> _THE TASK_: Omit all images, then repeat exactly the lines below from the one containing "- Systematische Wäschetrennung: Ausgestattet" through the one containing "中国佛教友好代表团乘机抵达不丹帕罗国际机场,开始对不丹进行友好访问和佛教交流", both ends included.

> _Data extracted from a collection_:
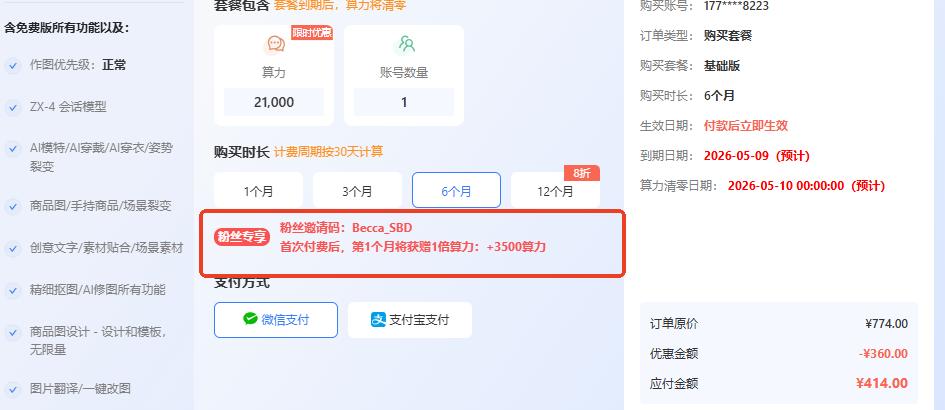 6个月:价格414元,算力22300,福利送1000算力,年终再送300算力
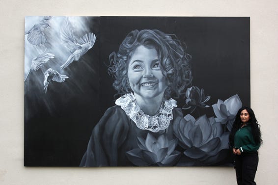 One of the most powerful examples in the chapter is the work of Evlina, who created a 12ft by 8ft mural in the academy courtyard. At its centre stands Ronahi, a name drawn from the Kurdish word for light. Ronahi is not a real person, but a symbolic figure imagined by Evlina. Through her artwork, Evlina expresses how hope, resilience and light can still emerge from experiences of darkness, displacement and loss. The team at Bede Academy have chosen to showcase the mural prominently and regularly invite members of the local community to come and see it for themselves. What I particularly love about this example is how these themes have emerged naturally through Evlina’s learning journey in art and through her wider studies. They are not treated as a bolt-on topic or a token gesture. Instead, they present authentically through the curriculum, allowing a young person’s voice, experience and creativity to speak to the community around her and to these complex topics.
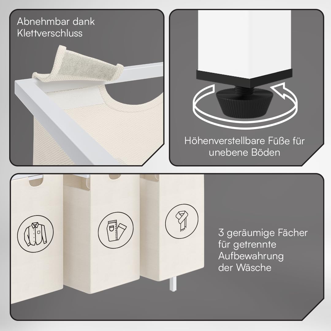 - Systematische Wäschetrennung: Ausgestattet mit drei Fächern zu je 40 Litern für eine mühelose Vorsortierung Ihrer hellen, dunklen und farbigen Wäsche.
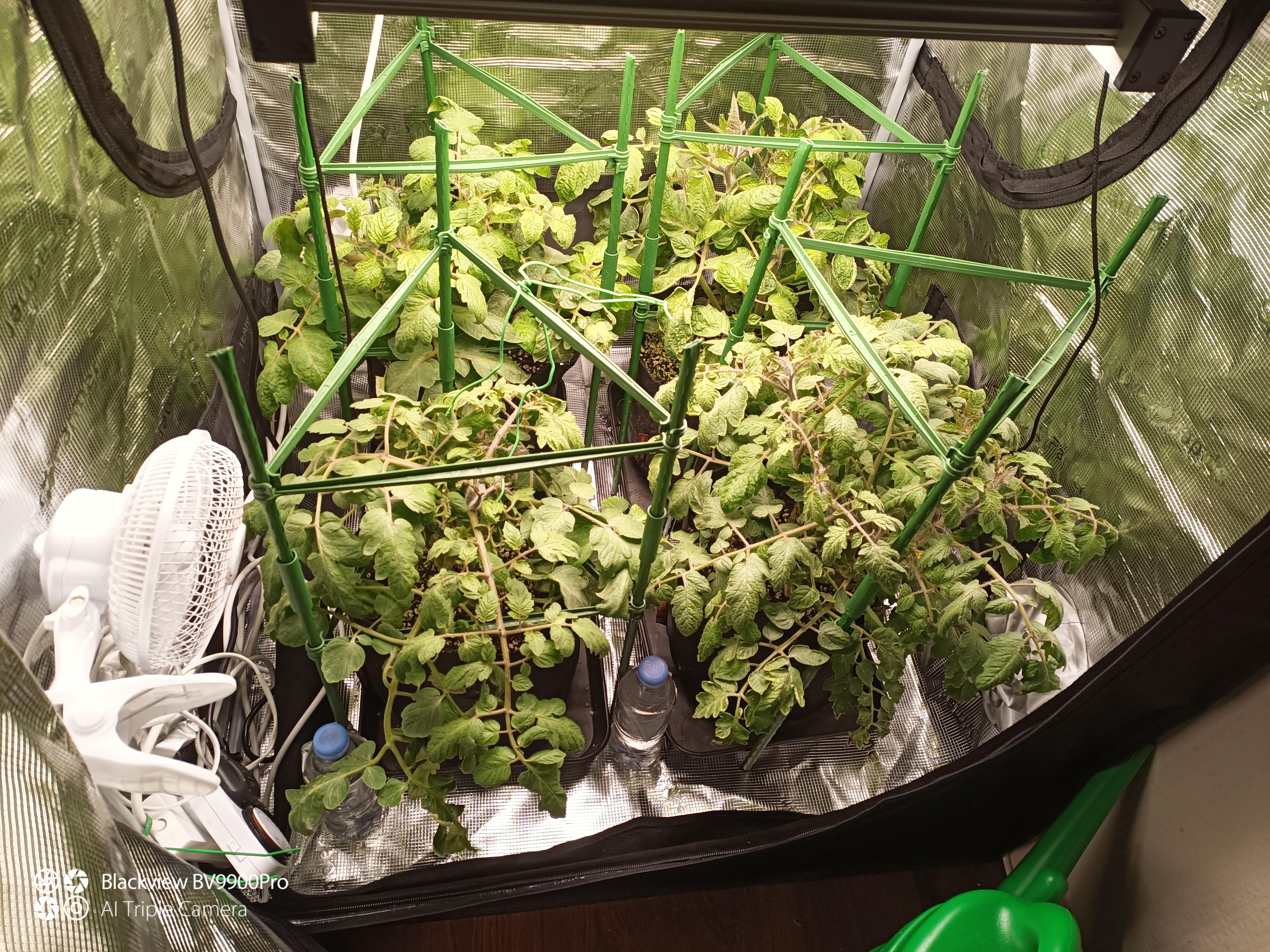 As i say feel free to tell me what I'm doing wrong as this is my first grow of tomatoes. At the moment I'm thinking i might have to take a plant out in a couple weeks to make space.
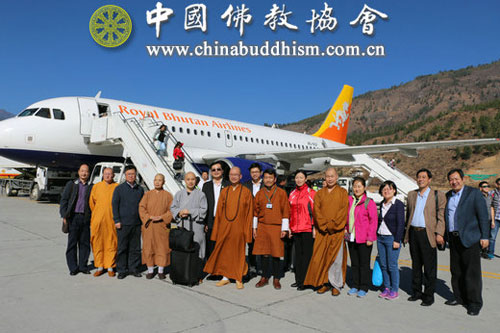 中国佛教友好代表团乘机抵达不丹帕罗国际机场,开始对不丹进行友好访问和佛教交流
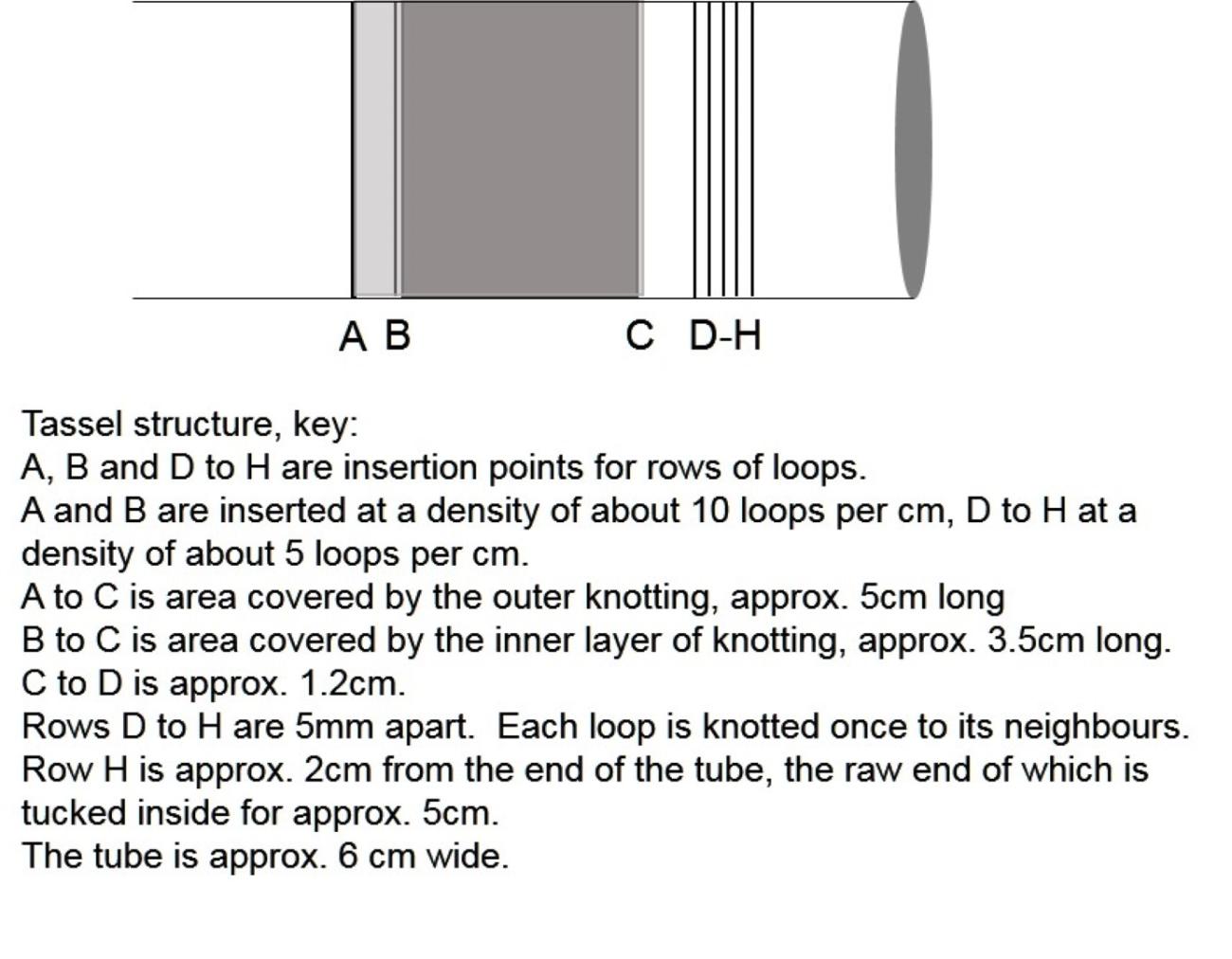 The loops in rows D to H of Figure 16 are simply knotted once to their adjacent neighbours, and the loops allowed to hang freely. Those loops in rows B are knotted until reaching point C (forming an inner layer), then the loops in row A are knotted to cover the inner layer, but remain separate from it (forming the outer layer) (See Figure 18).
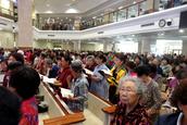 上午七点多,西山堂就坐满了前来聚会的信徒。赞美会开始之前围绕爱国爱教主题进行了讲道、祷告和歌唱祝福祖国、祝福教会的诗歌。八点,在圣诗班的圣乐敬拜中,赞美会开始。
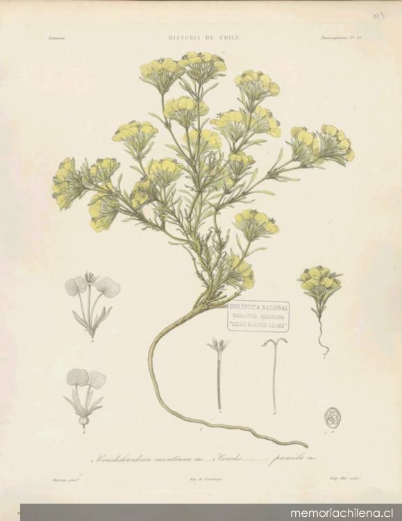 Dibujo de planta Cruckshanksia montiana en Memoria Chilena

> _RESULT_:
 - Systematische Wäschetrennung: Ausgestattet mit drei Fächern zu je 40 Litern für eine mühelose Vorsortierung Ihrer hellen, dunklen und farbigen Wäsche.
 As i say feel free to tell me what I'm doing wrong as this is my first grow of tomatoes. At the moment I'm thinking i might have to take a plant out in a couple weeks to make space.
 中国佛教友好代表团乘机抵达不丹帕罗国际机场,开始对不丹进行友好访问和佛教交流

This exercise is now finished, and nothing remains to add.